Seattle fintech startup Secure, which helps enable emergency savings accounts, raises $3.5M – GeekWire

Seattle startup vets launch platform that lets employers provide emergency savings accounts – GeekWire

Seattle startup vets launch platform that lets employers provide emergency savings accounts – GeekWire

Secure co-founders Devin Miller (left) and Bassam Saliba. (Secure Photos)

The pandemic has caused a financial burden for millions of employees across the nation. It also impacts the companies that people work for due to lower productivity, distractions, and other factors.

A new Seattle startup called Secure is launching to help employers offer a financial wellness benefit to workers beyond their paycheck in the form of an emergency savings account (ESA). The company, which just spun out of Pioneer Square Labs, provides software that lets employees make automatic, post-tax payroll deferrals into a customized savings account.

“Employer ESAs have mainly appeared in the last three years, but given the renewed priority for emergency savings in light of the pandemic, they’re primed for explosive growth since they provide immediate access to savings during times of crisis,” said Secure CEO Devin Miller.

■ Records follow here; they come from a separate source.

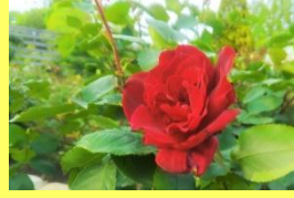
学名: Rosa 科名: バラ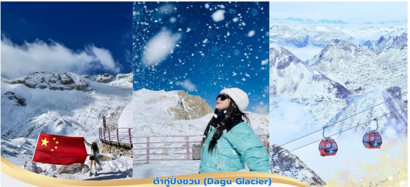
ต๋ากู๋ปิ่งชว่น (Dagu Glacier)

พาท่านชมทะเลสาบต๋ากู๋ หรืออีกชื่อ ทะเลสาบน้ำมนต์ขอฟส ซึ่งมีเรื่องราวเล่าขานของชนเผ่าชาวพื้นเมืองว่าหากมีเรื่องร้อนใจให้กราบไหว้เทพเจ้าที่คุ้มครองทะเลสาบแห่งนี้ จะทำเรื่องร้อนใจคลายลง หรือใครขอฟสต่อเทพเจ้าคุ้มครองทะเลสาบแห่งนี้ก็จะสมหวังดังที่ขอฟสไว้ทำให้ทะเลสาบแห่งนี้ถือเป็นทะเลสาบที่มีความสำคัญมากและมีประวัติความเป็นมาที่ยาวนานกว่า 1,000 ปี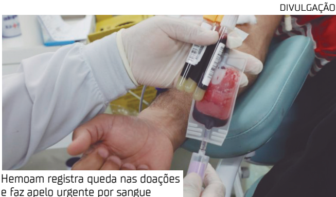
Hemoam registra queda nas doações e faz apelo urgente por sangue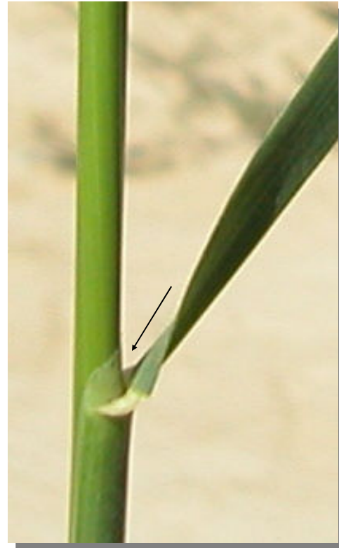
A. barbata . Detalle de la lígula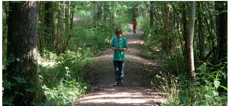
I boschi prossimi allo stato naturale, le brughiere, i fiumi e le zone umide con un alto livello di biodiversità ci offrono la migliore protezione contro le conseguenze dei cambiamenti climatici.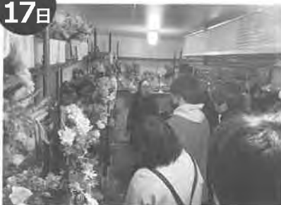
月形花き生産組合青年部出荷反省会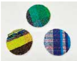
コップを置くと こんな感じです♪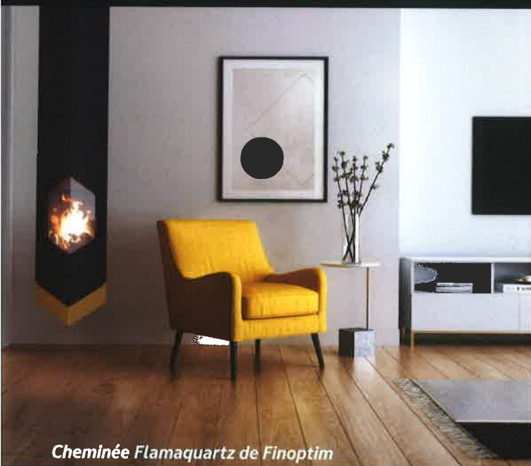
Cheminée Flamaquartz de Finoptim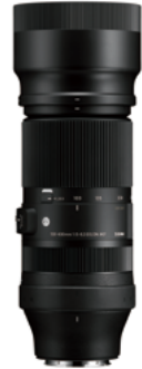
100-400mm F5-6.3 DG DN OS Mounts: L-Mount, Sony E-mount, FUJIFILM X Mount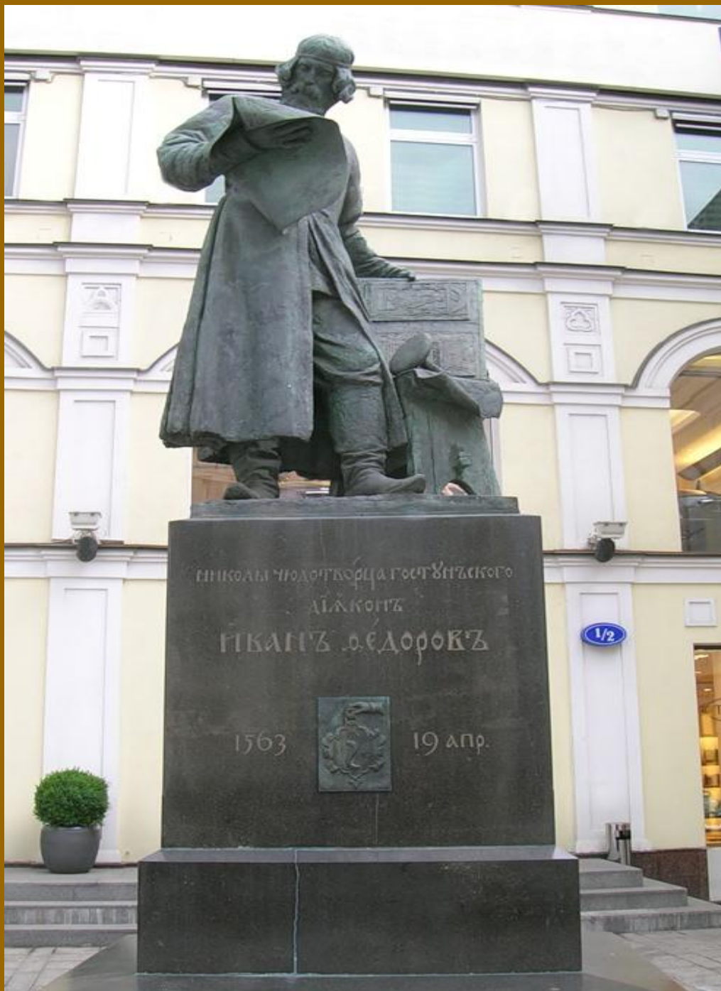
Памятник первопечатнику Ивану Фёдорову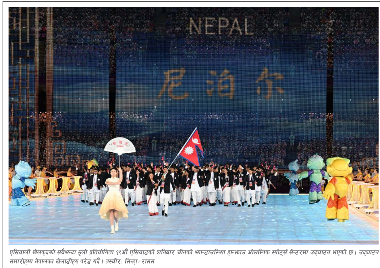
एसियाली खेलकुदको सबैभन्दा ठूलो प्रतियोगिता १९औँ एसियाडको शनिबार चीनको भान्डाउस्थित हान्फाउ ओलम्पिक स्पोर्ट्स सेन्टरमा उद्घाटन भएको छ। उद्घाटन समारोहमा नेपालका खेलाडीहरू परेड गर्दै।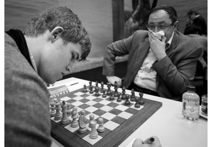
El más joven del certamen, Magnus Carlsen, y el más veterano, Boris Gelfand, principales protagonistas en la novena ronda.

La más combativa de las rondas de este torneo fue la octava. En ella el esperado segundo cotejo entre los líderes del momento: Carlsen vs. Aronian, concluyó pacíficamente dentro del Sistema Catalán planteado por el favorito de la justa, respirándose siempre igualdad a lo largo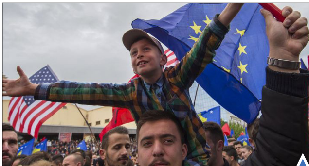
تظاهرات حامیان احزاب سیاسی

Around 40% of Americans struggle to come up with $400 for an unexpected expense, according to a 2019 survey from the Federal Reserve. That was well before the pandemic forced a nationwide economic crisis.

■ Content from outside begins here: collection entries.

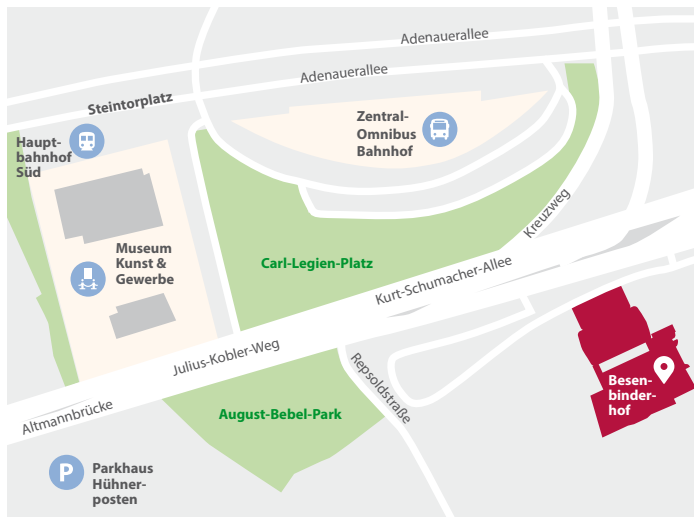
Besenbinderhof Besenbinderhof 57a, 20097 Hamburg www.besenbinderhof.com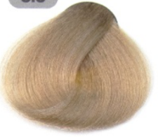
بلوند خیلی روشن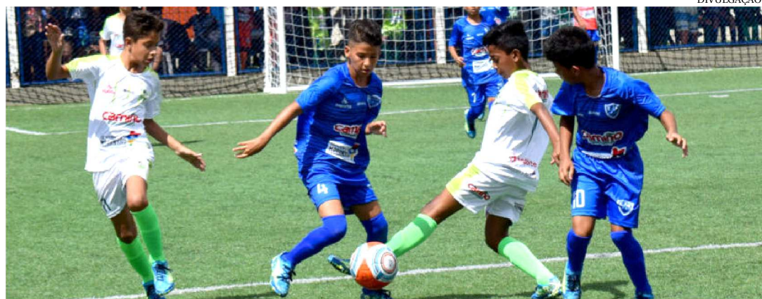
GAROTADA TEM JOGOS DECISIVOS NESTE SÁBADO PELA MANHÃ, NA COPA INTERBAIRROS

Chegou o grande dia. Neste sábado (16), serão conhecidos os campeões da primeira edição da Copa Interbairros de Futebol 7, competição patrocinada pelo governo do Estado e pelo El Camiño Supermercados por meio da Lei de Incentivo ao Esporte e que possui o apoio da Federação Maranhense de Futebol 7. As decisões das categorias Sub-11 e Sub-13 serão realizadas a partir das 9h40, no campo da A&D Eventos, no bairro do Turu.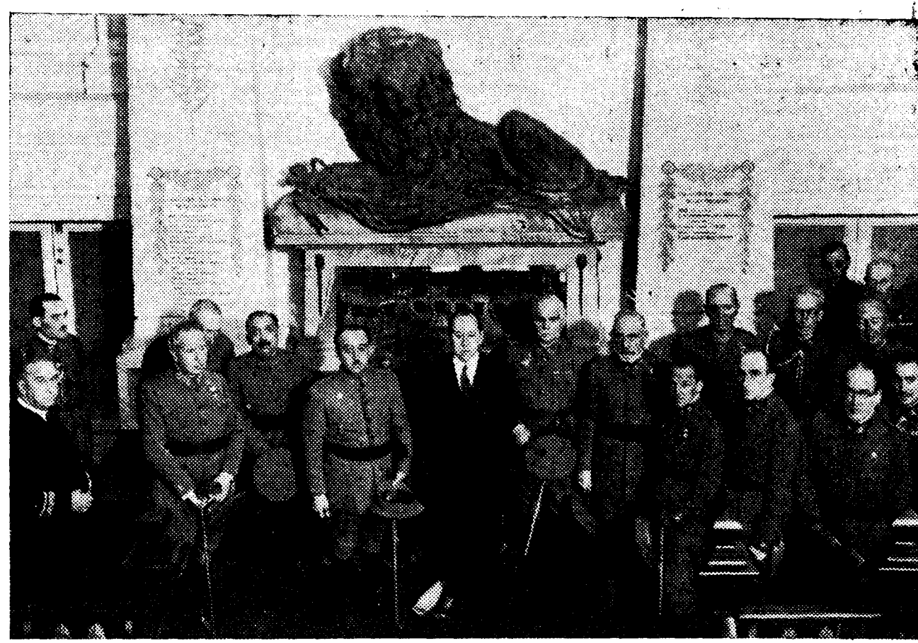
En la Escuela Superior de Guerra se celebró ayer, con asistencia del ministro de la Guerra, la entrega de diplomas e imposición de fajines a los nuevos capitanes de Estado Mayor. He aquí al señor Gil Robles rodeado de los generales que asistieron al acto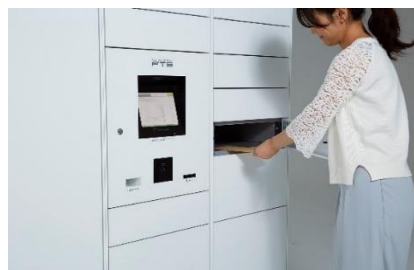
フルタイムロッカー

当社は、世界に先駆け宅配ボックス・宅配ロッカーを開発し、「最も長期に亘って営業している電気式宅配ロッカーサービスプロバイダー*2」として、ギネス記録を樹立した企業です。また国連の定める SDGs（持続可能な開発目標）実現のための活動に取り組んでおり、宅配ボックスの整備により荷物の再配達を減らし CO2 削減による地球温暖化防止への功績が認められ環境大臣賞「環境保全功労者表彰」を受賞しております。また創業時から 35 年以上にわたりお客様の声に耳を傾け、宅配ボックス・宅配ロッカーと 24 時間有人対応の

More companies are rolling out programs as of late that let employees save a portion of their paycheck automatically, The New York Times reported earlier this month.

Secure targets small companies that aren’t ready for a 401(k) offering, and larger businesses that want to offer more workplace savings programs.

“Employees can use our technology to set smart and achievable savings goals, make elective paycheck deferrals, and get matching bonuses from employers. Money can be accessed at any time,” Miller said. “For employers this is a high-ROI benefit, with a low total cost of ownership relative to other workplace savings programs and high employee affinity.”

The company’s main competitor is a “side-car” account that employers can offer within a 401(k). Miller said Secure differentiates itself by using research and behavioral science to promote participation. It can also reduce compliance and administrative costs by being separate from a 401(k) and other existing savings programs.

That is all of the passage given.